Celui qui après être descendu de cheval venait de s’aventurer si hardiment dans la forêt, paraissait être un homme de trente à trente-deux ans, d’une taille au-dessus de la moyenne, mais si admirablement pris, qu’on sentait circuler tout à la fois la force et l’adresse dans ses membres souples et nerveux. Il était vêtu d’une espèce de redingote de voyage de velours noir à boutonnières d’or; les deux bouts d’une veste brodée apparaissaient au-dessous des derniers boutons de cette redingote, et une culotte de peau collante dessinait des jambes qui eussent pu servir de modèle à un statuaire, et dont l’on devinait la forme élégante à travers des bottes de cuir verni.
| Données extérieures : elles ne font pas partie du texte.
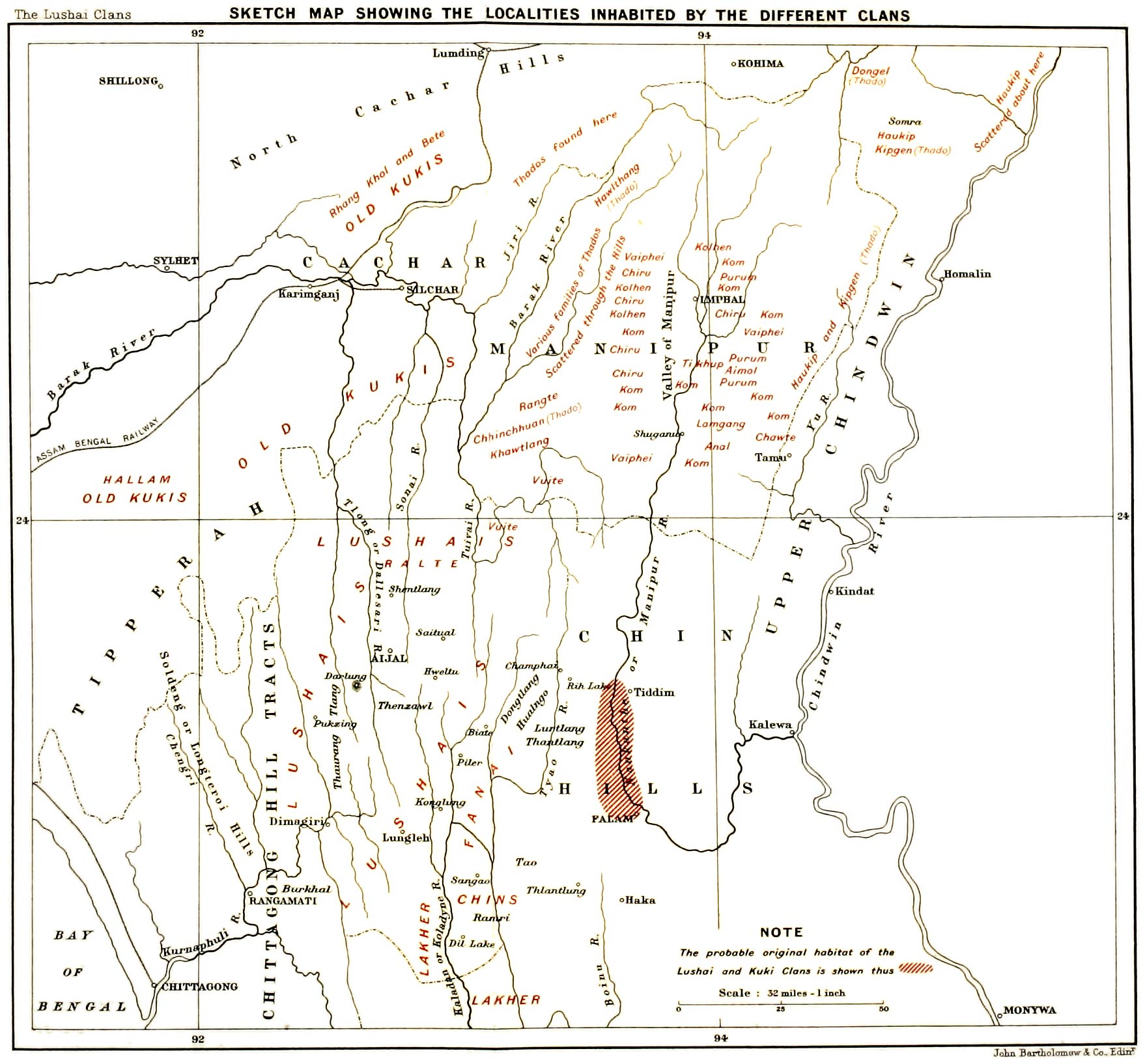 The term Lushai, as we now understand it, covers a great many clans; it is the result of incorrect transliteration of the word Lushei, which is the name of the clan, which, under various chiefs of the Thangur family, came into prominence in the eighteenth century and was responsible for the eruption into Cachar of Old Kukis at the end of that century and of the New Kukis half a century later.

Quant à son visage, qui avait toute la mobilité des types méridionaux, c’était un singulier mélange de force et de finesse: son regard, qui pouvait exprimer tous les sentiments, semblait, lorsqu’il s’arrêtait sur quelqu’un, plonger dans celui sur lequel il s’arrêtait deux rayons de lumière destinés à éclairer jusqu’à son âme. Ses joues brunes avaient été, cela se voyait tout d’abord, hâlées par les rayons d’un soleil plus brûlant que le notre. Enfin, une bouche grande, mais belle de forme, s’ouvrait pour laisser voir un double rang de dents magnifiques que la haleur du teint faisait paraître plus blanches encore. Le pied était long, mais fin; la main était petite, mais nerveuse.